Are there other ways to try to break my toddler’s fever?
You can try to reduce your child’s fever by sponging him down with lukewarm (lukewarm, not cold) water or offering him a lukewarm bath.
Never attempt to reduce a fever by sponging down your child with rubbing alcohol. Rubbing alcohol can be absorbed into your child’s bloodstream through the skin. It can also cool him too quickly, which can really raise his temperature level.
What should I do if my toddler has a seizure from a high fever?
Fevers can often cause febrile seizures in infants and kids. They’re most typical in children between the ages of 6 months and 5 years.
A child having this type of seizure might roll his eyes, drool, or vomit. His limbs may end up being stiff and his body might jerk or jerk. Most of the times, the seizures are harmless, however that does not make it any less frightening if your child’s having one.
Why does my toddler’s fever keep coming back?
Fever-reducing medications bring down body temperature momentarily. They don’t affect the bug that’s producing the infection, so your child may run a fever until his body is clear of the infection. This can take a minimum of two or 3 days.
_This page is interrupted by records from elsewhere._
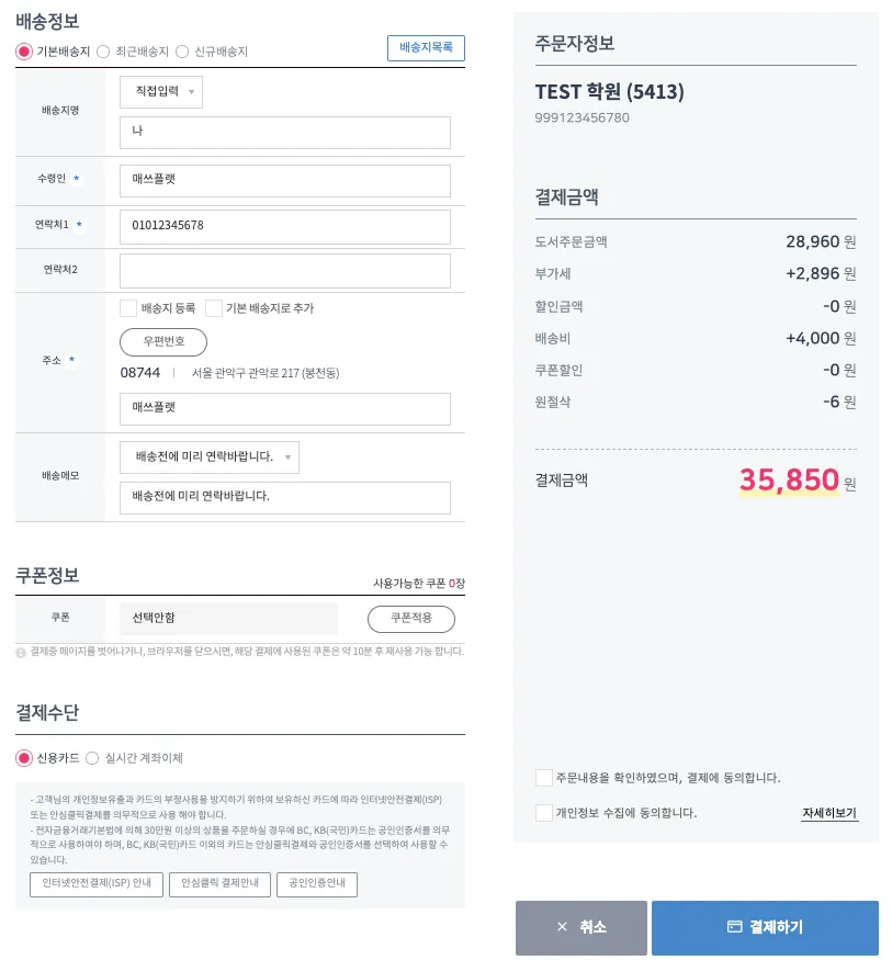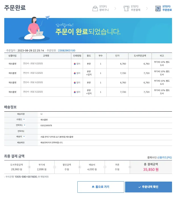 재주문 (이미 주문한 교재의 수량 추가)는 페이지샵-마이페이지 메뉴를 이용해 주세요.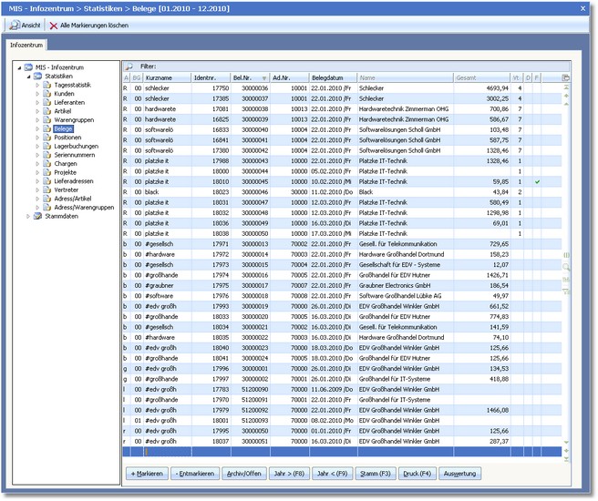 Nach Auswahl des MIS-Bereiches öffnet sich zunächst eine vorgelagerte Auswahltabelle, in der alle Belege tabellarisch angezeigt werden. Über die Baumauswahl kann in die einzelnen Belegarten verzweigt werden. Innerhalb dieser Auswahltabelle sind die beschriebenen Such- und Sortierfunktionen aktiv.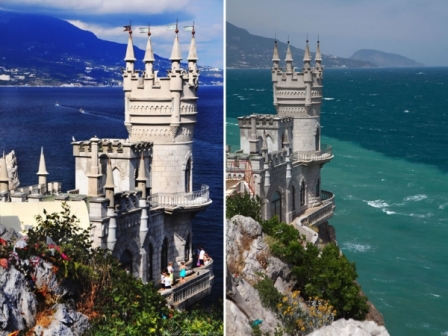 “Lâu đài tình ái” Swallow Nest, biểu tượng của Cộng hòa Tự trị Crimea (Krym), miền nam Ukraina, là một trong những tòa lâu đài lãng mạn nổi tiếng nhất gần Yalta trên vùng biển Hắc Hải được xây dựng từ năm 1912 theo kiểu kiến trúc Gothic hiện đại.

Some infections, such as influenza (the flu), can last from five to 7 days. If your child has actually been treated with antibiotics to combat a bacterial infection, it may take 48 hours for his temperature to fall.
My toddler has a fever and no other symptoms. What’s wrong?
When a child has a fever that isn’t really accompanied by a runny nose, a cough, vomiting, or diarrhea, figuring out what’s incorrect can be difficult.
There are lots of viral infections that can cause a fever without any other symptoms. Some, such as roseola, cause three days of extremely high fever followed by a light pink rash on the trunk.
More serious infections, such as meningitis, urinary tract infections, or bacteremia (bacteria in the bloodstream), might also trigger a high fever without any other particular symptoms. If your child has a consistent (longer than 24 hours) fever of 102.2 degrees F (39 degrees C) or greater, call the doctor, whether or not he has other symptoms.